Case ID: cma_8/html/0675-01.html
Source: Caselaw Access Project
Author: {"author": "ROBERT E. Quinn, Chief Judge: Latimer, Judge", "license": "Public Domain", "url": "https://static.case.law/"}
Date Created: 2024-08-24T03:29:51.129683

UNITED STATES, Appellee v GLENN L. McCANN, Master Sergeant, U. S. Air Force, Appellant
    8 USCMA 675, 25 CMR 179
    No. 9454
    Decided February 14, 1958
    
      
      Captain Richard C. Bochen argued the cause for Appellant, Accused. With him on the brief were Lieutenant Colonel Ellis L. Gottlieb and Lieutenant Colonel Stanley S. Butt.
    
    
      Major Fred C. Vowell argued the cause for Appellee, United States. With him on the brief was Lieutenant Colonel Francis P. Murray.
    
   Opinion of the Court

ROBERT E. Quinn, Chief Judge:

A number of claims of error are alleged.
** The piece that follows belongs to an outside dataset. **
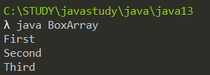 class Box{ private String conts; Box(String cont){ this.conts = cont; } public String toString(){ return conts; } } class BoxArray{ public static void main(String[] args){ Box[] ar = new Box[3]; //배열에 인스턴스 저장 ar[0] = new Box("First"); ar[1] = new Box("Second"); ar[2] = new Box("Third"); //저장된 인스턴스의 참조 System.out.println(ar[0]); System.out.println(ar[1]); System.out.println(ar[2]); } }

Only one need be mentioned.

The accused was charged with being drunk on duty, in violation of Article 112, and with the operation of a Ground Control Approach facility while drunk and in such a reckless manner as to endanger life and property, in violation of Article 134, Uniform Code of Military Justice, 10 USC §§ 912 and 934, respectively. The trial began on April 5, 1956, and continued until April 11, 1956. On April 9, several members of the court-martial attended a lecture on military justice given by the staff judge advocate. In his talk, the staff judge advocate discussed certain acts of misconduct which he characterized as being more reprehensible in the military than in the civilian community. One of the acts cited was that of a Ground Control Approach operator incapacitating himself for duty by the use of intoxicants.
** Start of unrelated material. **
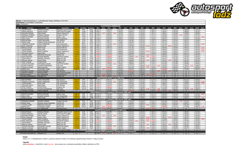Nazwa: 6. Rajd Walentynkowy (1. runda Mistrzostw Okręgu Łódzkiego w KJS 2012) Organizator: Automobilklub Tomaszowski Data: 12.02.2012 r. poz. 1 2 3 4 5 6 7 8 9 10 11 12 13 14 15 16 17 18 19 20 21 22 23 1 2 3 4 5 6 nr 11 8 24 25 16 17 10 14 6 26 19 7 1 9 5 23 2 15 27 3 22 4 18 12 21 28 20 kierowca Daniel Nowak Maciej Majczyna Krzysztof Kwapisz Sebastian Makulski Bartosz Kowalski Artur Winer Konrad Melon Rafał Cieślik Zbigniew Krawczyk Piotr Żelisławski Maciej Janczak Daniel Bylinka Dawid Goździk Krzysztof Świercz Tomasz Lesiak Piotr Majchrzak Kamil Kubryn Mariusz Kotynia Piotr Pauliński Dariusz Pierzchała Łukasz Ścisłowicz David Lee Smale Adrian Król Grzegorz Dziubak Mariusz Latawiec Paweł Bogacz Łukasz Woźniakiewicz pilot Arkadiusz Małecki Szymon Pietruk Jakub Wasiel Arkadiusz Soldecki Martyna Banasiak Krzysztof Jaworski Łukasz Skorupiński Arkadiusz Korab-Sokołowski Łukasz Gołębiewski Kacper Godyń Adam Krupa Iwona Janik Jakub Przedbora Jakub Kister Aleksandra Krawczyk Krzysztof Błaziński Radosław Ziemnicki Dawid Ćwikła Tomasz Kania Przemysław Lemczak Krzysztof Kołodziejczyk Rafał Budzyński Przemysław Cieślak Justyna Stępniak Maciej Kowalski Jan Tabaszewski Sebastian Lec samochód Mitsubishi Lancer Evo VI Audi Coupe B3 quattro Subaru Impreza GT Peugeot 106 S16 Subaru Justy Fiat Cinquecento Fiat Seicento Honda CRX Fiat Cinquecento Subaru Impreza GT Suzuki Swift GTI Fiat Cinquecento Subaru Impreza GT Fiat Seicento Honda Civic Audi 80 B2 quattro BMW E30 320i BMW E30 330i Peugeot 106 Audi 90 B3 quattro Fiat Punto Subaru Legacy Opel Corsa Fiat Seicento Audi Coupe B3 quattro Hyundai Accent Honda Civic suma 1109,74 1122,42 1139,21 1168,94 1180,14 1180,76 1181,39 1191,93 1208,67 1213,93 1218,74 1219,20 1226,86 1234,46 1238,59 1248,15 1263,43 1270,24 1306,79 1330,68 1334,82 1335,88 1439,26 n.u. n.u. n.u. n.u. 10 6 7 9 27 22 12 Konrad Melon Zbigniew Krawczyk Daniel Bylinka Krzysztof Świercz Piotr Pauliński Łukasz Ścisłowicz Grzegorz Dziubak Łukasz Skorupiński Łukasz Gołębiewski Iwona Janik Jakub Kister Tomasz Kania Krzysztof Kołodziejczyk Justyna Stępniak Fiat Seicento Fiat Cinquecento Fiat Cinquecento Fiat Seicento Peugeot 106 Fiat Punto Fiat Seicento 1181,39 1208,67 1219,20 1234,46 1306,79 1334,82 n.u. Martyna Banasiak Krzysztof Jaworski Adam Krupa Subaru Justy Fiat Cinquecento Suzuki Swift GTI 1180,14 1180,76 1218,74 1 2 3 16 Bartosz Kowalski 17 Artur Winer 19 Maciej Janczak 1 2 3 4 25 14 5 18 28 Sebastian Makulski Rafał Cieślik Tomasz Lesiak Adrian Król Paweł Bogacz Arkadiusz Soldecki Arkadiusz Korab-Sokołowski Aleksandra Krawczyk Przemysław Cieślak Jan Tabaszewski Peugeot 106 S16 Honda CRX Honda Civic Opel Corsa Hyundai Accent 1168,94 1191,93 1238,59 1439,26 n.u. 11 8 24 26 1 23 2 15 3 4 21 Daniel Nowak Maciej Majczyna Krzysztof Kwapisz Piotr Żelisławski Dawid Goździk Piotr Majchrzak Kamil Kubryn Mariusz Kotynia Dariusz Pierzchała David Lee Smale Mariusz Latawiec Arkadiusz Małecki Szymon Pietruk Jakub Wasiel Kacper Godyń Jakub Przedbora Krzysztof Błaziński Radosław Ziemnicki Dawid Ćwikła Przemysław Lemczak Rafał Budzyński Maciej Kowalski Mitsubishi Lancer Evo VI Audi Coupe B3 quattro Subaru Impreza GT Subaru Impreza GT Subaru Impreza GT Audi 80 B2 Quattro BMW E30 320i BMW E30 330i Audi 90 B3 quattro Subaru Legacy Audi Coupe B3 quattro 1109,74 1122,42 1139,21 1213,93 1226,86 1248,15 1263,43 1270,24 1330,68 1335,88 n.u. Sebastian Lec Honda Civic 1 2 3 4 5 6 7 8 9 10 20 Łukasz Woźniakiewicz n.u. KLASYFIKACJA GENERALNA SL1 kara SL2 kara SL3 kara SL4 kara 50,13 100,49 122,38 147,53 49,62 99,35 130,62 150,91 52,10 5,00 102,54 5,00 127,63 147,15 53,28 104,96 132,78 155,03 53,37 105,38 134,61 159,50 52,69 103,56 135,87 157,09 51,78 105,71 142,20 158,18 52,50 106,22 134,88 160,09 55,56 112,59 5,00 139,99 160,01 48,87 102,22 121,69 154,78 52,57 105,70 136,62 171,35 53,78 111,22 139,41 165,26 51,87 107,90 140,88 163,20 77,67 113,01 140,83 164,58 53,34 157,44 137,03 155,51 73,30 149,02 128,95 159,84 5,00 53,19 127,81 135,09 164,86 56,25 119,34 137,49 169,60 55,43 158,56 149,72 168,87 53,09 114,58 5,00 143,82 168,08 57,12 115,78 149,90 171,71 53,91 149,02 156,41 167,28 58,22 5,00 157,44 157,28 182,32 54,40 121,65 147,93 237,27 54,19 117,11 144,35 173,18 54,69 10,00 125,61 142,01 163,37 53,94 5,00 124,14 5,00 n.u. n.u. KLASYFIKACJA KLASY 1 (do 1150 ccm) 0,00 0,00 51,78 105,71 142,20 158,18 -27,28 -27,28 55,56 112,59 5,00 139,99 160,01 -37,81 -10,53 53,78 111,22 139,41 165,26 -53,07 -15,26 77,67 113,01 140,83 164,58 -125,40 -72,33 55,43 158,56 149,72 168,87 -153,43 -28,03 57,12 115,78 149,90 171,71 54,40 121,65 147,93 237,27 KLASYFIKACJA KLASY 2 (powyżej 1150 ccm do 1400 ccm) 0,00 0,00 53,37 105,38 134,61 159,50 -0,62 -0,62 52,69 103,56 135,87 157,09 -38,60 -37,98 52,57 105,70 136,62 171,35 KLASYFIKACJA KLASY 3 (powyżej 1400 ccm do 1600 ccm) 0,00 0,00 53,28 104,96 132,78 155,03 -22,99 -22,99 52,50 106,22 134,88 160,09 -69,65 -46,66 53,34 157,44 137,03 155,51 -270,32 -200,67 58,22 5,00 157,44 157,28 182,32 54,69 10,00 125,61 142,01 163,37 KLASYFIKACJA KLASY 5 (powyżej 2000 ccm) 0,00 0,00 50,13 100,49 122,38 147,53 -12,68 -12,68 49,62 99,35 130,62 150,91 -29,47 -16,79 52,10 5,00 102,54 5,00 127,63 147,15 -104,19 -74,72 48,87 102,22 121,69 154,78 -117,12 -12,93 51,87 107,90 140,88 163,20 -138,41 -21,29 73,30 149,02 128,95 159,84 5,00 -153,69 -15,28 53,19 127,81 135,09 164,86 -160,50 -6,81 56,25 119,34 137,49 169,60 -220,94 -60,44 53,09 114,58 5,00 143,82 168,08 -226,14 -5,20 53,91 149,02 156,41 167,28 54,19 117,11 144,35 173,18 KLASYFIKACJA KLASY GOŚĆ (zawodnicy z licencją sportów motorowych) 53,94 5,00 124,14 5,00 n.u. n.u. do lidera 0,00 -12,68 -29,47 -59,20 -70,40 -71,02 -71,65 -82,19 -98,93 -104,19 -109,00 -109,46 -117,12 -124,72 -128,85 -138,41 -153,69 -160,50 -197,05 -220,94 -225,08 -226,14 -329,52 do poprz. 0,00 -12,68 -16,79 -29,73 -11,20 -0,62 -0,63 -10,54 -16,74 -5,26 -4,81 -0,46 -7,66 -7,60 -4,13 -9,56 -15,28 -6,81 -36,55

The “justice” lecture clearly constituted an improper influence upon the court members in regard to a case upon which they were then sitting. Under the circumstances, reversal of the accused's conviction is required. United States v Zagar, 5 USCMA 410, 18 CMR 34; see also United States v Harris, 8 USCMA 199, 24 CMR 9; United States v Deain, 5 USCMA 44, 17 CMR 44.

The findings of guilty and the sentence are set aside. A rehearing may be ordered.

Judge Ferguson concurs.

Latimer, Judge

(dissenting):

I dissent.

There are two fundamental objections which I raise to the majority opinion. The first is that two very important questions involving the admissibility of evidence are not discussed, even though the questions are bound to arise on a rehearing. The second is that the conviction is reversed for an incident which, in the background of this case, is trifling. I shall present my views on each question in a reverse order, although I realize that my development of the law on the use of body fluids is theoretical and not expected to convince my associates to express their views.

II

This trial began on April 5, 1956. The accused had been arraigned but had not as yet pleaded when the defense requested a continuance. A continuance until April 11, 1956, was granted. The lecture which my associates characterize as command control was given on April 9, 1956. The first presentation of the subject had been given some two weeks earlier, but some 400 officers, warrant officers, and master sergeants had been unable to attend at that time, and this lecture was a follow-up for those who were absent on the first occasion. In the course of his address, the speaker sought to emphasize that in the military service certain acts are more serious than they would be in civilian life. He alluded to the following as examples: Absence from duty, breach of restriction, escape from confinement, and the operation of a Ground Control Approach facility by one who has incapacitated himself for duty because of the use of intoxicants. When the court reconvened, the members were examined exhaustively on the effect of the lecture and each under oath vowed it did not, and would not, influence them. In spite of their assurances, it is the asserted impact of reference to this last offense in the series of illustrations which brings about this reversal.

The error was asserted before a board of review, and it found that the lecture was not directed to the members of the court as such; that the reference to the operator was only a passing comment in a series of comparisons; and that on voir dire examination, at which time the court members were interrogated on the lecture, it was brought out that those who were in attendance were not impressed with or influenced by the remark and they would decide the case strictly on its merits. For the foregoing reasons, the board of review decided that the accused’s rights were not prejudiced.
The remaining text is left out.